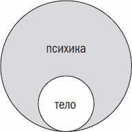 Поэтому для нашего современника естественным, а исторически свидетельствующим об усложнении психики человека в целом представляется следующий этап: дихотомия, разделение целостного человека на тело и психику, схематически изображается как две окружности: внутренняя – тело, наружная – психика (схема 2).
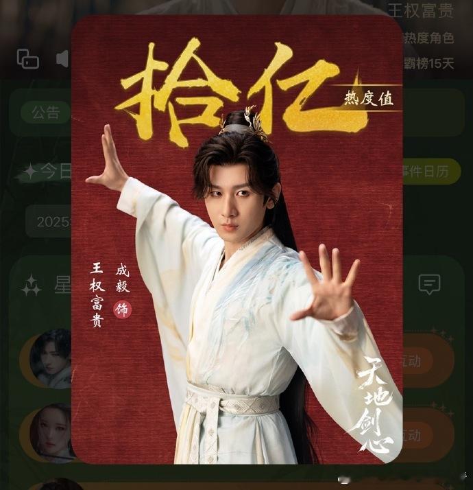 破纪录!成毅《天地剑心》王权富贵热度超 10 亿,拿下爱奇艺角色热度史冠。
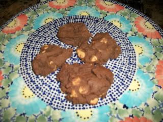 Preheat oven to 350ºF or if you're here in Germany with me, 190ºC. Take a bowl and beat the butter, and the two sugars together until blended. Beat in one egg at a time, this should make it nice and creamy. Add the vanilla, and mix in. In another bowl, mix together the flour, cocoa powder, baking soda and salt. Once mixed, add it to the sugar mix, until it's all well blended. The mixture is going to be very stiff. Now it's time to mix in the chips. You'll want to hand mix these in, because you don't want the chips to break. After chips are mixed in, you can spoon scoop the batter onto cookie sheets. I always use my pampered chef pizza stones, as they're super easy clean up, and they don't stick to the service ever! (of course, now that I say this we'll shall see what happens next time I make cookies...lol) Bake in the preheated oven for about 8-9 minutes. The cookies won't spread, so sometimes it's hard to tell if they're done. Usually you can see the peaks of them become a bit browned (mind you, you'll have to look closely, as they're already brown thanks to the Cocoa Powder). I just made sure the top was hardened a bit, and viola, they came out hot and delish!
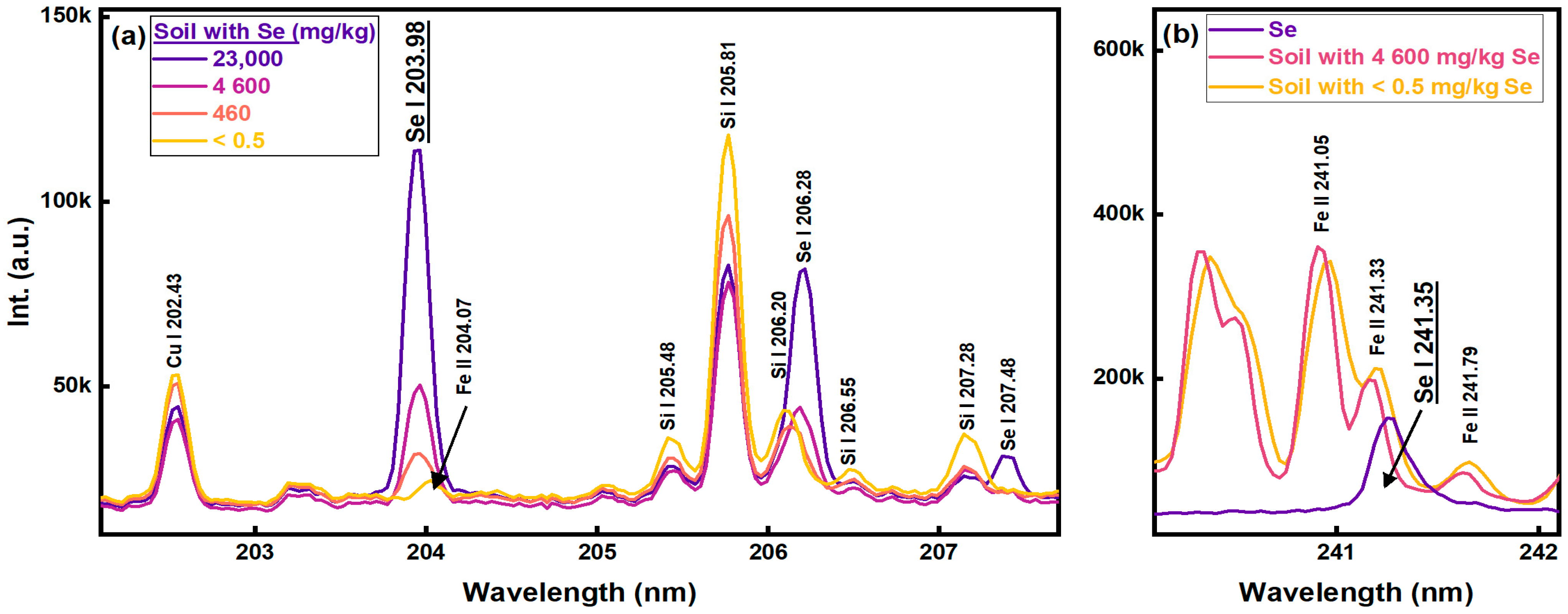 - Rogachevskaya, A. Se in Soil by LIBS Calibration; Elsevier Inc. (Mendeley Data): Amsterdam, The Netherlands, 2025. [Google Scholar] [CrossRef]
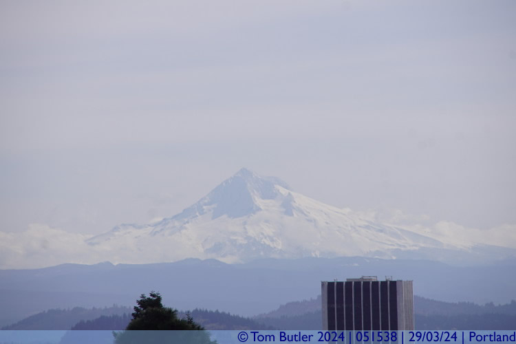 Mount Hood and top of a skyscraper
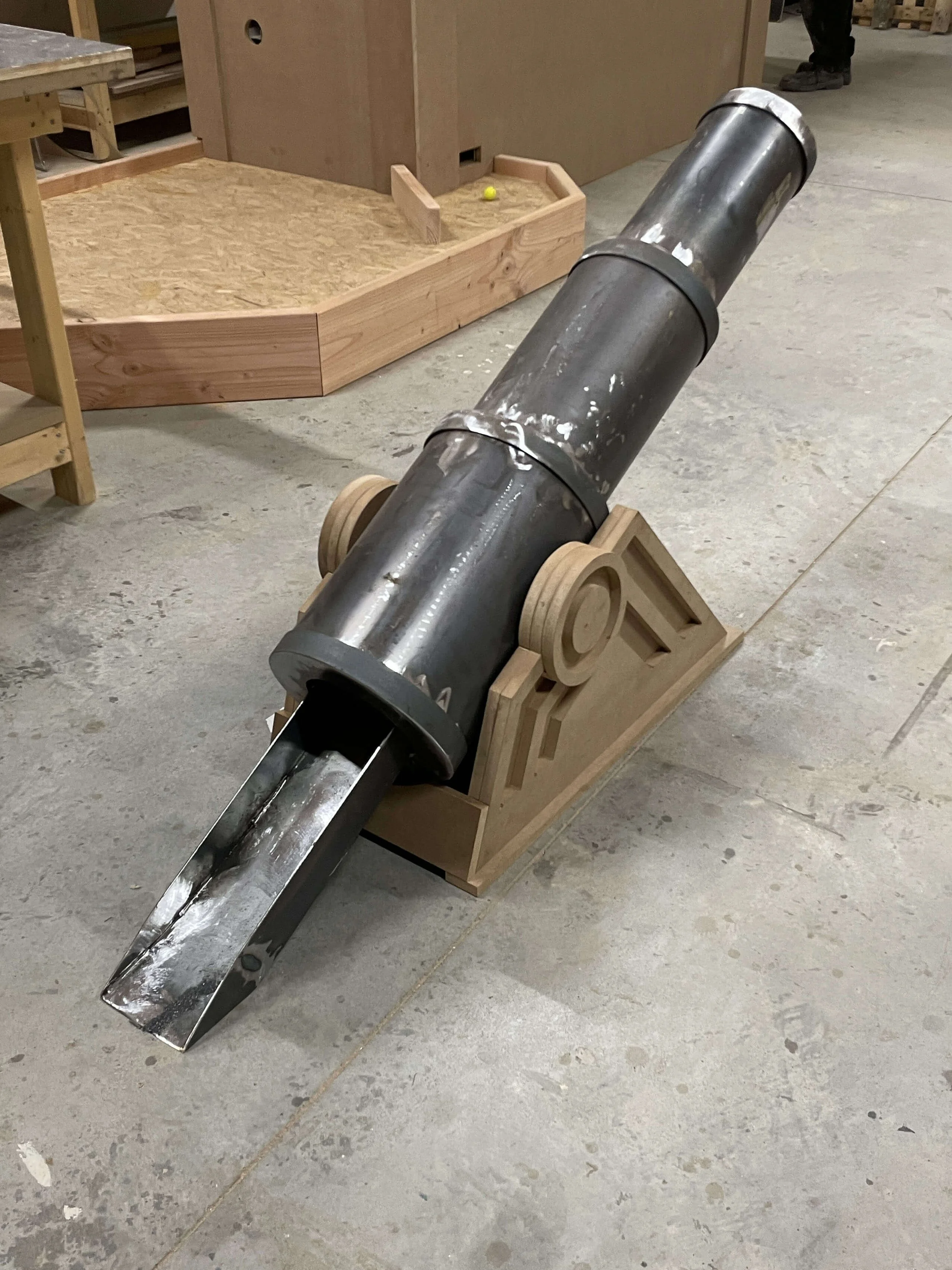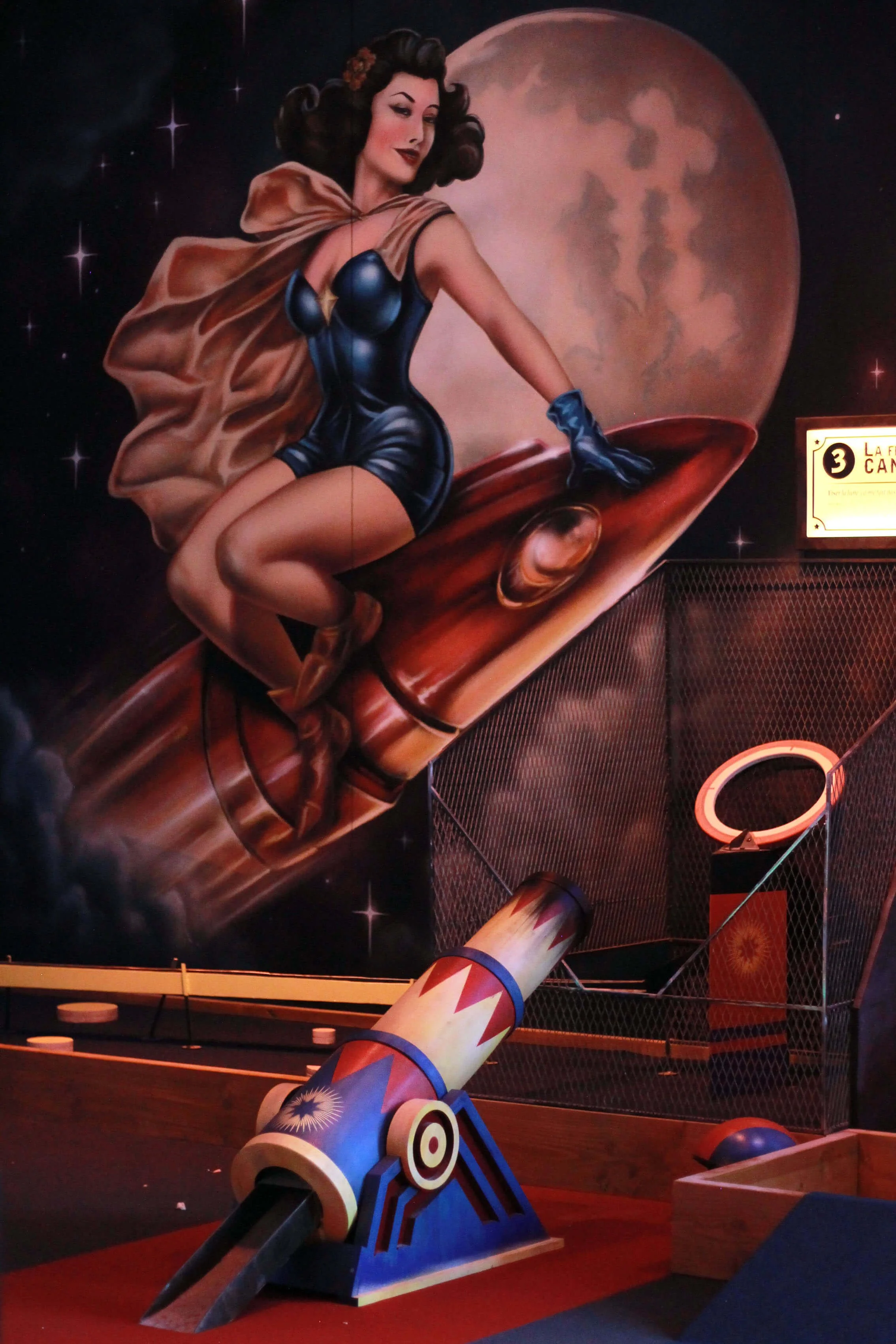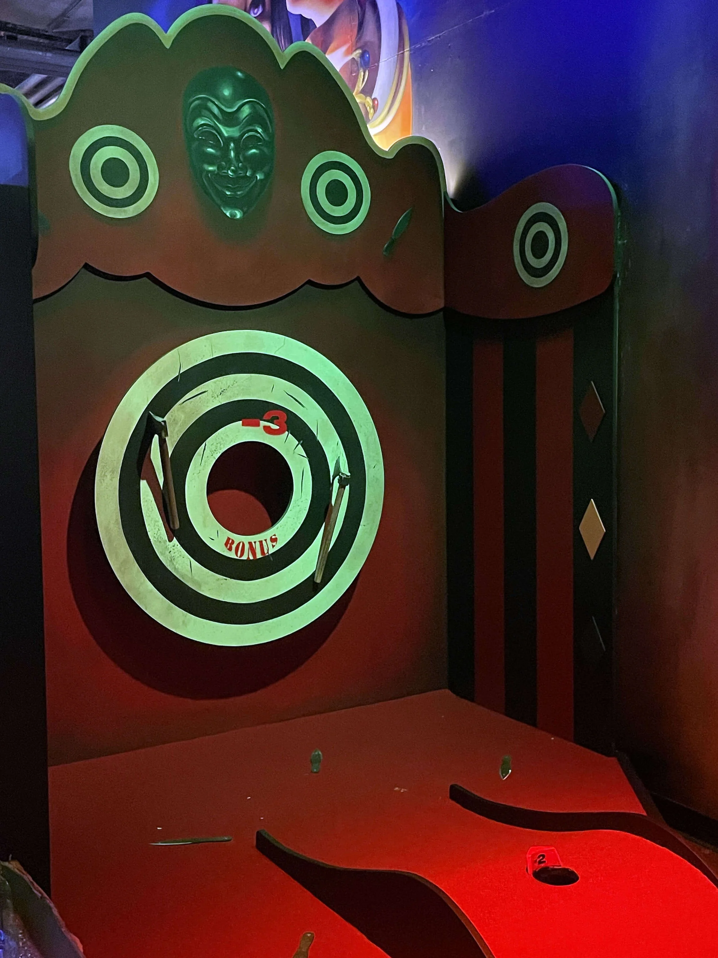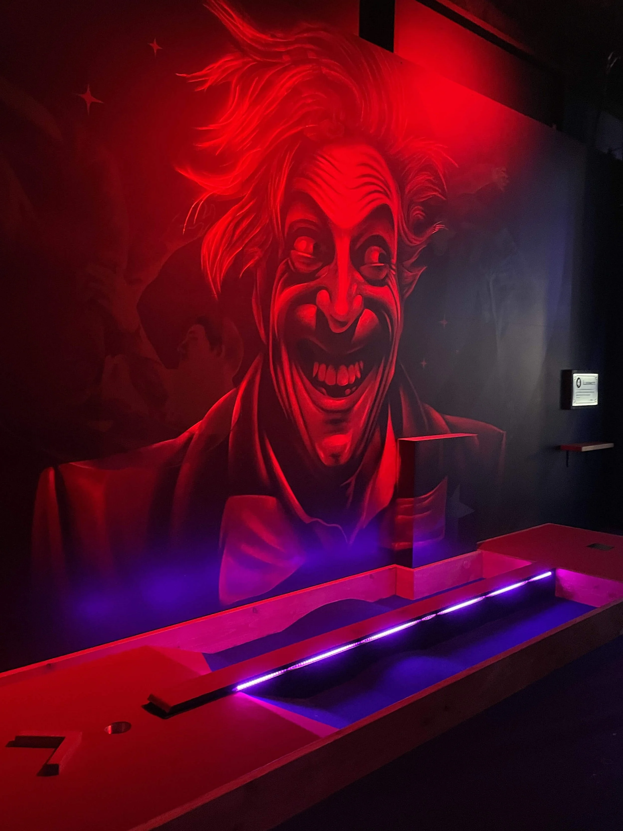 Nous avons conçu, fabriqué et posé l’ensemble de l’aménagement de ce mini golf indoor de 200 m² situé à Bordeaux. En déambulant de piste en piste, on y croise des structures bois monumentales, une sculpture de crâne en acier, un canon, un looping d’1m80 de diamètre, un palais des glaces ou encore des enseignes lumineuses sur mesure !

YOUR TASK | No picture is to be included when the lines from the one containing "Mount Hood and top of a skyscraper" through the end of the material above are output exactly; nothing else is written.

ANSWER AREA |
 Mount Hood and top of a skyscraper
 Nous avons conçu, fabriqué et posé l’ensemble de l’aménagement de ce mini golf indoor de 200 m² situé à Bordeaux. En déambulant de piste en piste, on y croise des structures bois monumentales, une sculpture de crâne en acier, un canon, un looping d’1m80 de diamètre, un palais des glaces ou encore des enseignes lumineuses sur mesure !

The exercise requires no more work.